In [None]:
# YouTube Trend Prediction System
# This code predicts the trending potential of a YouTube video based on its title, description, and tags
# It also provides recommendations to improve the video's chances of trending

import pandas as pd
import numpy as np
import re
import matplotlib.pyplot as plt
import seaborn as sns
from sklearn.model_selection import train_test_split, GridSearchCV
from sklearn.feature_extraction.text import TfidfVectorizer
from sklearn.pipeline import Pipeline, FeatureUnion
from sklearn.base import BaseEstimator, TransformerMixin
from sklearn.preprocessing import StandardScaler
from sklearn.ensemble import RandomForestClassifier, GradientBoostingClassifier
from sklearn.metrics import classification_report, confusion_matrix, roc_auc_score, precision_recall_curve
from sklearn.linear_model import LogisticRegression
from sklearn.svm import SVC
import nltk
from nltk.corpus import stopwords
from nltk.stem import WordNetLemmatizer
from nltk.tokenize import word_tokenize
import xgboost as xgb
from transformers import AutoTokenizer, AutoModel
import torch
from collections import Counter
import string
import joblib
import warnings
import time
from tqdm import tqdm
from imblearn.over_sampling import SMOTE
import gensim.downloader as api
import pickle
import re
from sklearn.metrics import accuracy_score, precision_score, recall_score, f1_score
from sklearn.feature_selection import SelectKBest, chi2


In [None]:
# Suppress warnings for cleaner output
warnings.filterwarnings('ignore')

# Download necessary NLTK resources
nltk.download('punkt', quiet=True)
nltk.download('stopwords', quiet=True)
nltk.download('wordnet', quiet=True)

# Mount Google Drive
from google.colab import drive
drive.mount('/content/drive')

Mounted at /content/drive


In [None]:
# Data preprocessing
class TextPreprocessor:
    def __init__(self):
        self.lemmatizer = WordNetLemmatizer()
        self.stop_words = set(stopwords.words('english'))

    def clean_text(self, text):
        if text == '[none]' or pd.isna(text):
            return ''

        # Convert to lowercase
        text = text.lower()

        # Remove punctuation and special characters
        text = re.sub(r'[^\w\s]', ' ', text)

        # Remove numbers
        text = re.sub(r'\d+', ' ', text)

        # Remove extra whitespaces
        text = re.sub(r'\s+', ' ', text).strip()

        # Tokenize
        tokens = word_tokenize(text)

        # Remove stopwords and lemmatize
        tokens = [self.lemmatizer.lemmatize(word) for word in tokens if word not in self.stop_words and len(word) > 2]

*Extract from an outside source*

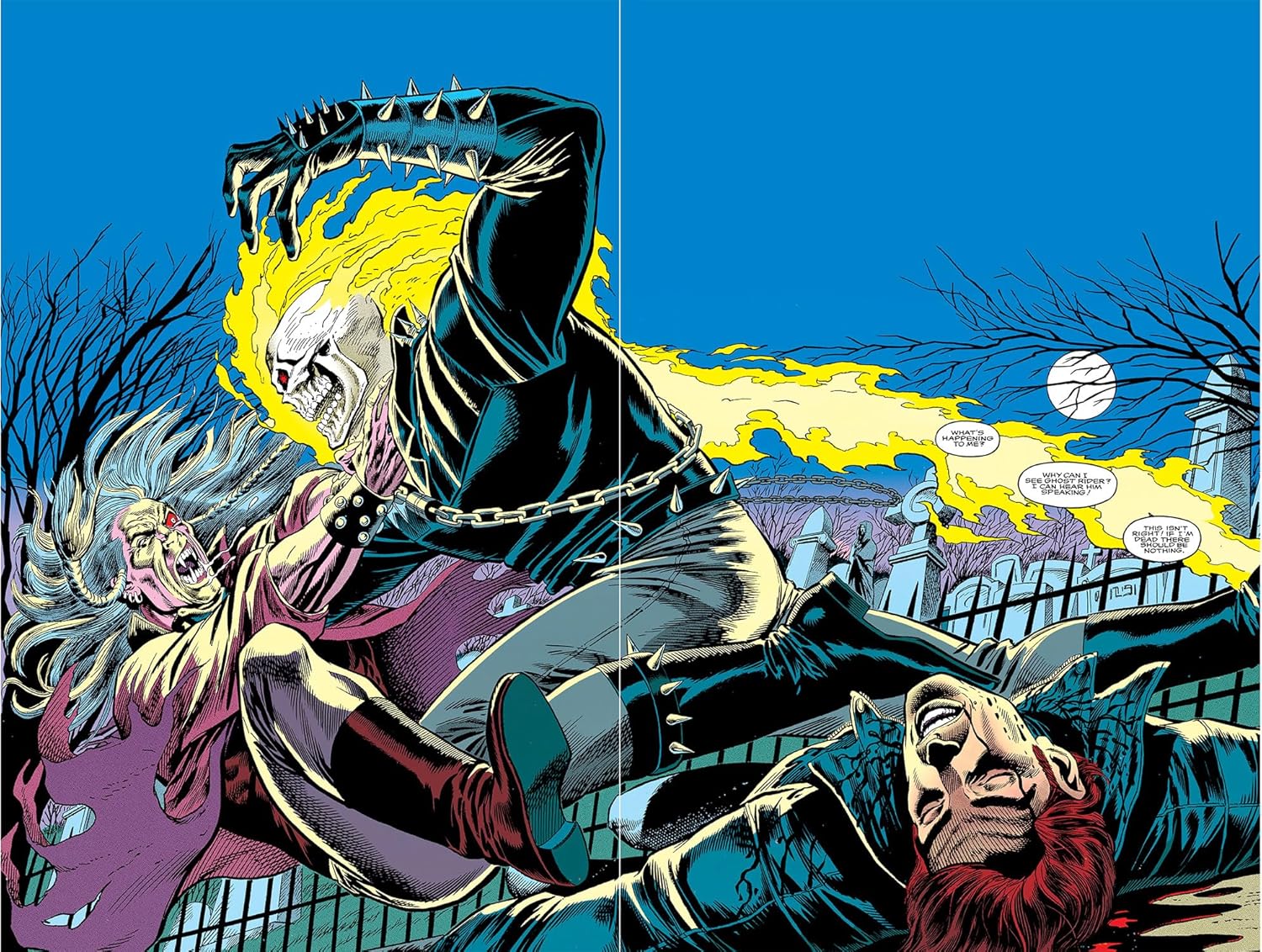 Дэнни Кетч и Джонни Блейз - Духи Возмездия! Захватывающие приключения Призрачного Всадника из 90-х продолжаются, и в них участвуют Джонни Блейз и восхождение «Полуночных Сынов» Marvel! Морбиус, Блэйд, Ночные Охотники и Искупители Даркхолда присоединяются к борьбе против Лилит, Матери Демонов, и ее ужасающего потомства! А Призрачный Всадник сражается с инопланетным Брудом вместе с Людьми Икс; познает страх вместе с Капитаном Америкой благодаря зловещему Пугалу; и участвует в адском объединении с Человеком-пауком - противостоя Веному, Демогоблину и многим другим! Плюс: Важные истории из мифологии Призрачного Всадника, которые никогда ранее не были собраны в одном сборнике!

        return ' '.join(tokens)

    def process_tags(self, tags):
        if tags == '[none]' or pd.isna(tags):
            return ''

        # Remove brackets if present
        if tags.startswith('[') and tags.endswith(']'):
            tags = tags[1:-1]

        # Split by common delimiters and clean
        tag_list = re.split(r'[,|;]', tags)
        tag_list = [tag.strip().lower() for tag in tag_list if tag.strip()]

        return ' '.join(tag_list)

print("\nPreprocessing data...")
text_processor = TextPreprocessor()


Preprocessing data...


In [None]:
nltk.download('punkt')
nltk.download('wordnet')
nltk.download('corpus')
nltk.download('omw-1.4')
nltk.download('punkt_tab')


[nltk_data] Downloading package punkt to /root/nltk_data...
[nltk_data]   Package punkt is already up-to-date!
[nltk_data] Downloading package wordnet to /root/nltk_data...
[nltk_data]   Package wordnet is already up-to-date!
[nltk_data] Error loading corpus: Package 'corpus' not found in index
[nltk_data] Downloading package omw-1.4 to /root/nltk_data...
[nltk_data] Downloading package punkt_tab to /root/nltk_data...
[nltk_data]   Unzipping tokenizers/punkt_tab.zip.


True

In [None]:
# Function to predict trending potential and provide recommendations
def predict_trending_potential(title, description, tags):
    if not title:
        print("No Title - 0% Chance to Trend")
        print("")
        print("Recommendations :")
        print("Consider making your title longer (at least 40 characters).")
        return

    else:

      # Load saved models and vectorizers
      model = joblib.load('/content/drive/MyDrive/best_model.pkl')
      tfidf_title = joblib.load('/content/drive/MyDrive/tfidf_title.pkl')
      tfidf_description = joblib.load('/content/drive/MyDrive/tfidf_description.pkl')
      tfidf_tags = joblib.load('/content/drive/MyDrive/tfidf_tags.pkl')
      tfidf_combined = joblib.load('/content/drive/MyDrive/tfidf_combined.pkl')
      text_processor = joblib.load('/content/drive/MyDrive/text_processor.pkl')

      # Preprocess inputs
      clean_title = text_processor.clean_text(title)
      clean_description = text_processor.clean_text(description)
      clean_tags = text_processor.process_tags(tags)
      combined_text = clean_title + ' ' + clean_description + ' ' + clean_tags

      # Extract text features
      features = {}
      features['title_length'] = len(title) if title else 0
      features['title_word_count'] = len(clean_title.split()) if clean_title else 0
      features['has_description'] = 0 if description in ['[none]', ''] or pd.isna(description) else 1
      features['description_length'] = len(description) if description and description != '[none]' and not pd.isna(description) else 0
      features['description_word_count'] = len(clean_description.split()) if clean_description else 0
      features['has_tags'] = 0 if tags in ['[none]', ''] or pd.isna(tags) else 1
      features['tag_count'] = len(re.split(r'[,|;]', tags)) if tags and tags != '[none]' and not pd.isna(tags) else 0
      features['title_has_question'] = 1 if '?' in title else 0
      features['title_has_exclamation'] = 1 if '!' in title else 0
      features['title_starts_with_number'] = 1 if re.match(r'^\d+', title) else 0
      features['title_has_all_caps'] = 1 if any(word.isupper() and len(word) > 1 for word in title.split()) else 0
      features['title_has_brackets'] = 1 if ('(' in title and ')' in title) or ('[' in title and ']' in title) else 0

      # Transform to vectors
      X_title = tfidf_title.transform([clean_title])
      X_description = tfidf_description.transform([clean_description])
      X_tags = tfidf_tags.transform([clean_tags])
      X_combined = tfidf_combined.transform([combined_text])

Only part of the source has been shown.